● **Your objective**: Return each record word for word, keeping none of its pictures.

● **Given entries**:
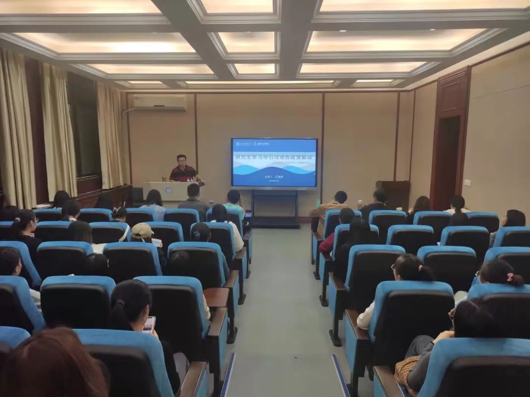 在研究生学习导引方面,石洛祥首先就“研究生读研期间应该做什么”提出了以下建议:广泛阅读,善于思考,勤于写作;关注时间管理,做好职业规划;扎实掌握专业知识,敢于勤于锻炼自我。接着,他提到研究生毕业前应该具备的能力,希望同学们培养科研创新能力和独立解决问题的能力,身心兼修,良友同行。最后,他围绕如何充实地度过研究生生活这一主题,就如何确定适合自己的研究领域、如何选择研究课题、如何阅读文献等方面给出了详细建议。在研究生培养政策方面,他重点对《伟德国际官网登录入口研究生学籍管理实施细则》和《伟德国际官网登录入口研究生学术论文学术不端检测和处理实施办法》两份重要文件进行了详细解读,叮嘱大家遵守规则、严谨治学。
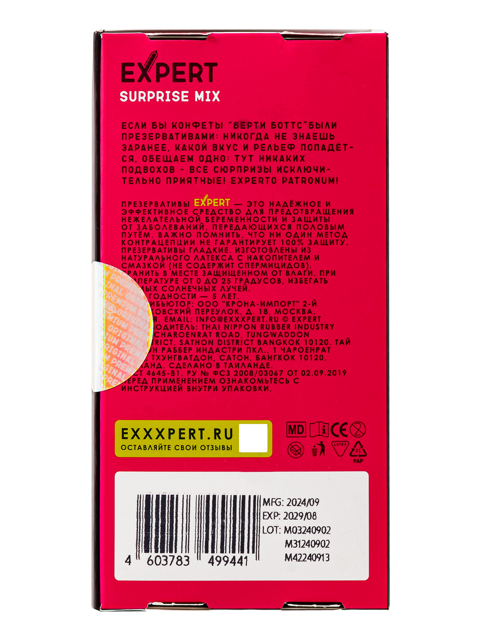 Теперь вы можете приобрести большую упаковку презервативов Expert Surprise Mix, в которой содержится 12 штук + 3 презерватива бесплатно! Это отличная возможность сэкономить и быть уверенным, что у вас всегда есть запас надежной защиты. Больше не придется беспокоиться о том, что презервативы закончатся в самый неподходящий момент.
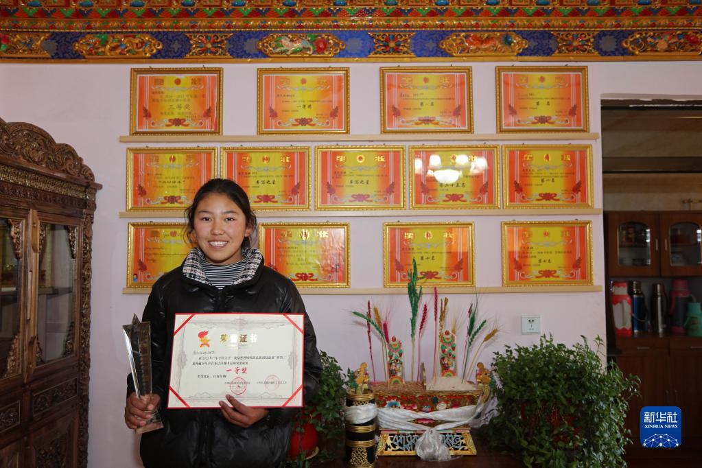 達(dá)瓦堅(jiān)參的女兒普巴拉姆展示自己的獎(jiǎng)狀(2022年2月23日攝)。新華社記者姜帆 攝
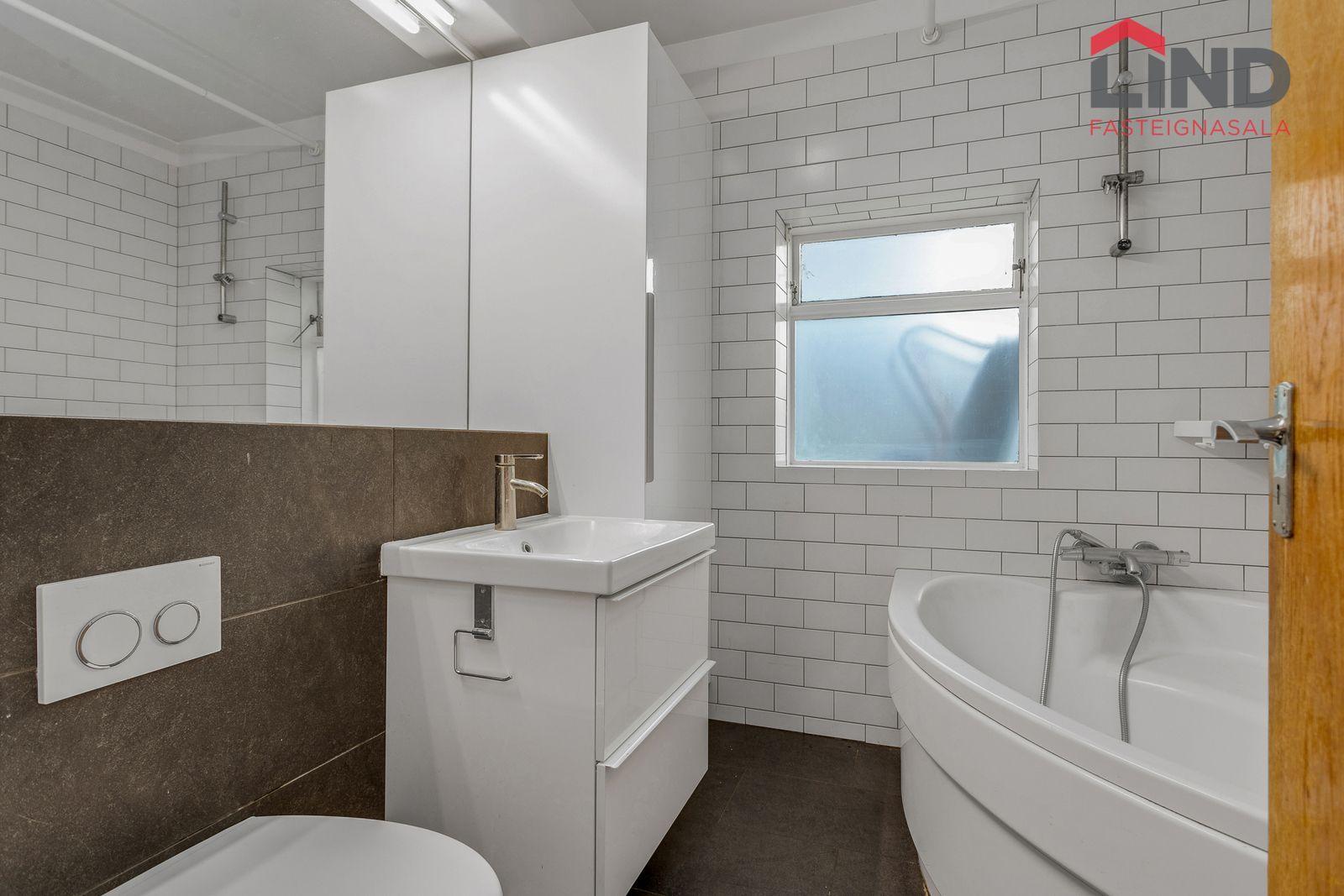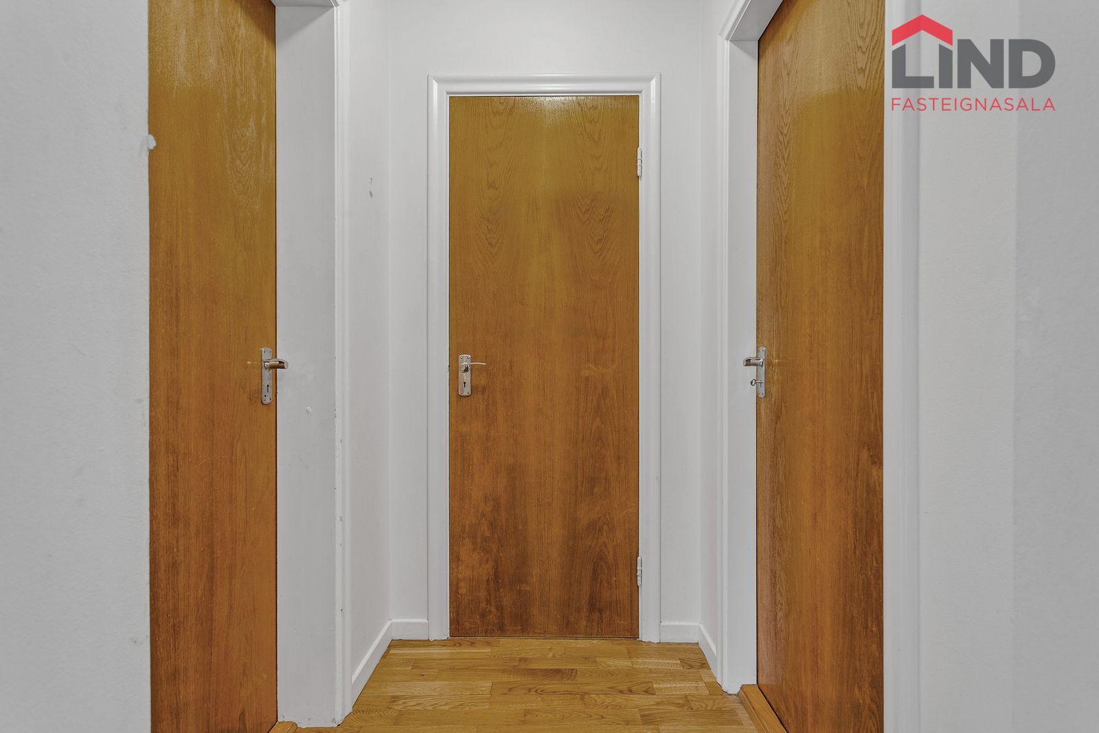 Nánari lýsing: Forstofa er með parketi á gólfi. Eldhús með flísum á gólfi og hvítri innréttingu. Í eldhúsi er borðkrókur. Alrými er rúmgott með parketi á gólfi. Hjónaherbergi er rúmgott með parketi á gólfi og góðum fataskápum. Svefherbergi er staðsett inn af hjónaherbergi. Þar parket á gólfi og fataskápur. Baðherbergi er flísalagt með hvítri baðinnréttingu. Stórt hornbaðkar með sturtuaðstöðu. Lítil geymsla er staðsett á gangi innan íbúðar. Úr íbúð er innangengt á sameignargang þar sem sameiginlegt þvottahús er staðsett.
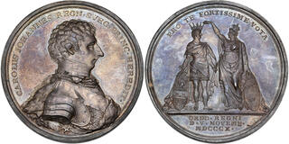 | Lot description: Medals Foreign Medals - ADOPTION OF KARL XIV JOHAN AND ELEVATION TO CROWN PRINCE 1810, by by C. Enhörning., SWEDEN Cuirassed bust right. Rev. king standing left, crowned by personification of Sweden.SKM 6a. Hild 4.Ex Cherry Tree Collection. In 1810, the aging and childless Karl XIII of Sweden adopted Jean Baptiste Bernadotte, a French marshal, who became Crown Prince Karl XIV Johan. The sudden death of the previous heir left Sweden in urgent need of a strong successor, and Bernadotte's military reputation, administrative skill, and good standing among Swedish officers made him a compelling choice. After election by the Riksdag, Karl XIII formally adopted him on 21 August 1810. This decision stabilized Sweden during a turbulent period and ultimately founded the Bernadotte dynasty, which continues to rule Sweden todayAR 58mm. 77.43 g RR. Choice. PCGS MS64. Estimate: 1500 EUR |
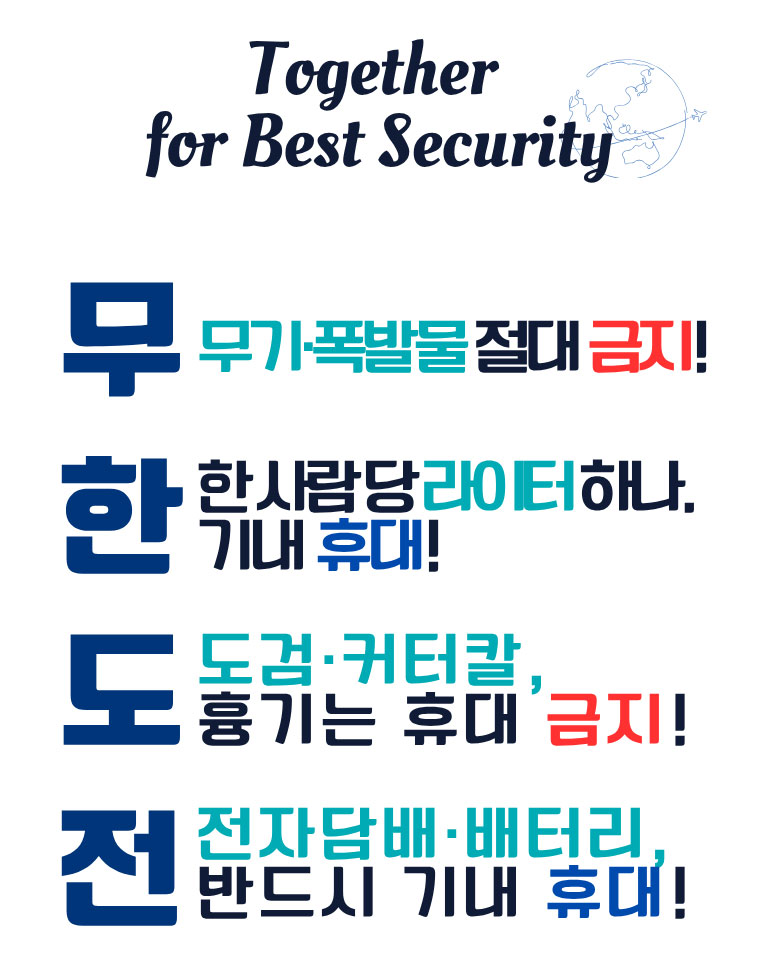 무기류·폭발물 반입 금지 한사람당 라이터는 1인 1개 도검 등의 흉기는 기내 반입 불가 전자담배·보조배터리는 반드시 휴대 수하물 소지 검색대 앞에서 누구나 한눈에 이해할 수 있는 유쾌한 메시지였습니다.

● **Task response**:
 在研究生学习导引方面,石洛祥首先就“研究生读研期间应该做什么”提出了以下建议:广泛阅读,善于思考,勤于写作;关注时间管理,做好职业规划;扎实掌握专业知识,敢于勤于锻炼自我。接着,他提到研究生毕业前应该具备的能力,希望同学们培养科研创新能力和独立解决问题的能力,身心兼修,良友同行。最后,他围绕如何充实地度过研究生生活这一主题,就如何确定适合自己的研究领域、如何选择研究课题、如何阅读文献等方面给出了详细建议。在研究生培养政策方面,他重点对《伟德国际官网登录入口研究生学籍管理实施细则》和《伟德国际官网登录入口研究生学术论文学术不端检测和处理实施办法》两份重要文件进行了详细解读,叮嘱大家遵守规则、严谨治学。
 Теперь вы можете приобрести большую упаковку презервативов Expert Surprise Mix, в которой содержится 12 штук + 3 презерватива бесплатно! Это отличная возможность сэкономить и быть уверенным, что у вас всегда есть запас надежной защиты. Больше не придется беспокоиться о том, что презервативы закончатся в самый неподходящий момент.
 達(dá)瓦堅(jiān)參的女兒普巴拉姆展示自己的獎(jiǎng)狀(2022年2月23日攝)。新華社記者姜帆 攝
 Nánari lýsing: Forstofa er með parketi á gólfi. Eldhús með flísum á gólfi og hvítri innréttingu. Í eldhúsi er borðkrókur. Alrými er rúmgott með parketi á gólfi. Hjónaherbergi er rúmgott með parketi á gólfi og góðum fataskápum. Svefherbergi er staðsett inn af hjónaherbergi. Þar parket á gólfi og fataskápur. Baðherbergi er flísalagt með hvítri baðinnréttingu. Stórt hornbaðkar með sturtuaðstöðu. Lítil geymsla er staðsett á gangi innan íbúðar. Úr íbúð er innangengt á sameignargang þar sem sameiginlegt þvottahús er staðsett.
 | Lot description: Medals Foreign Medals - ADOPTION OF KARL XIV JOHAN AND ELEVATION TO CROWN PRINCE 1810, by by C. Enhörning., SWEDEN Cuirassed bust right. Rev. king standing left, crowned by personification of Sweden.SKM 6a. Hild 4.Ex Cherry Tree Collection. In 1810, the aging and childless Karl XIII of Sweden adopted Jean Baptiste Bernadotte, a French marshal, who became Crown Prince Karl XIV Johan. The sudden death of the previous heir left Sweden in urgent need of a strong successor, and Bernadotte's military reputation, administrative skill, and good standing among Swedish officers made him a compelling choice. After election by the Riksdag, Karl XIII formally adopted him on 21 August 1810. This decision stabilized Sweden during a turbulent period and ultimately founded the Bernadotte dynasty, which continues to rule Sweden todayAR 58mm. 77.43 g RR. Choice. PCGS MS64. Estimate: 1500 EUR |
 무기류·폭발물 반입 금지 한사람당 라이터는 1인 1개 도검 등의 흉기는 기내 반입 불가 전자담배·보조배터리는 반드시 휴대 수하물 소지 검색대 앞에서 누구나 한눈에 이해할 수 있는 유쾌한 메시지였습니다.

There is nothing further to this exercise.